Воспользовавшись метафорой самого Набокова, можно сказать, что его английские романы – это своего рода «просвечивающие предметы», под поверхностью которых скрываются их иноязычные прообразы, причем нередко внимательному взгляду сквозь них видны и смутные тени творений Сирина. Характерный пример: когда Себастьян Найт сочиняет вторую книгу, строящуюся «на изучении тех приемов, которыми пользуется человеческая судьба», он реализует замысел другого вымышленного писателя, героя «Дара» Федора Годунова-Чердынцева, который находит именно «в мысли о методах судьбы то, что служило нитью, тайной душой, шахматной
Подобные автореминисценции имеют для позднего творчества Набокова принципиальное значение. И дело тут не только в том, что они – неотъемлемая часть метауровня, присутствующего в каждом набоковском тексте, который всегда может рассматриваться как комментарий к самому себе и своим предшественникам, но и в том, что с их помощью воссоздается единство созданной Сириным и Набоковым двусоставной и двуязычной «второй реальности». Сколь бы ни отличались по стилю, интонации, материалу русские и английские ее половинки, нельзя не согласиться с американским критиком Дж. Мойнаганом, который отмечает, что на протяжении всего сорокалетнего творческого пути Набоков «совершает круговое движение вокруг неподвижной точки – исходного пункта всего его творчества… описывая более широкие, более отдаленные от неподвижной точки круги» [4] .
4
Мойнаган Дж. Предисловие // Набоков Вл. Приглашение на казнь. Париж, [s. d.]. С. 12.
То, что в набоковской спиралевидной вселенной имеется некое неизменное, незыблемое тематическое ядро, сейчас, кажется, признано всеми критиками, хотя по поводу состава этого ядра высказываются различные точки зрения.

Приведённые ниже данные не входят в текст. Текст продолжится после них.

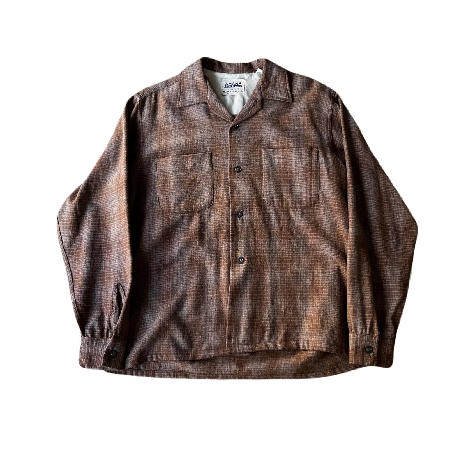 60s AMANA FINE WOOLENS wool check box shirt 15 1/2

Одни доказывают, что главная, стержневая тема Набокова – это тема изгнанничества, потерянного рая детства, тоски по отчему дому [5] ; другие развивают мысль Ходасевича, писавшего: «Жизнь художника и жизнь приема в сознании художника – вот тема Сирина, в той или иной степени вскрываемая едва ли не во всех его писаниях» [6] ; третьи следуют за В. Е. Набоковой, которая уже после смерти мужа отметила, что все его творчество, «как некий водяной знак», символизирует и пронизывает тема «потусторонности» [7] .
5
См.: Ерофеев В. Русский метароман В. Набокова, или В поисках потерянного рая // Вопросы литературы. 1988. № 10. С. 125–160.
6
Ходасевич В. Литературные статьи и воспоминания. Нью-Йорк, 1954. С. 252.
7
Набокова В. Предисловие // Набоков В. Стихи. Анн Арбор, 1979. С. 4.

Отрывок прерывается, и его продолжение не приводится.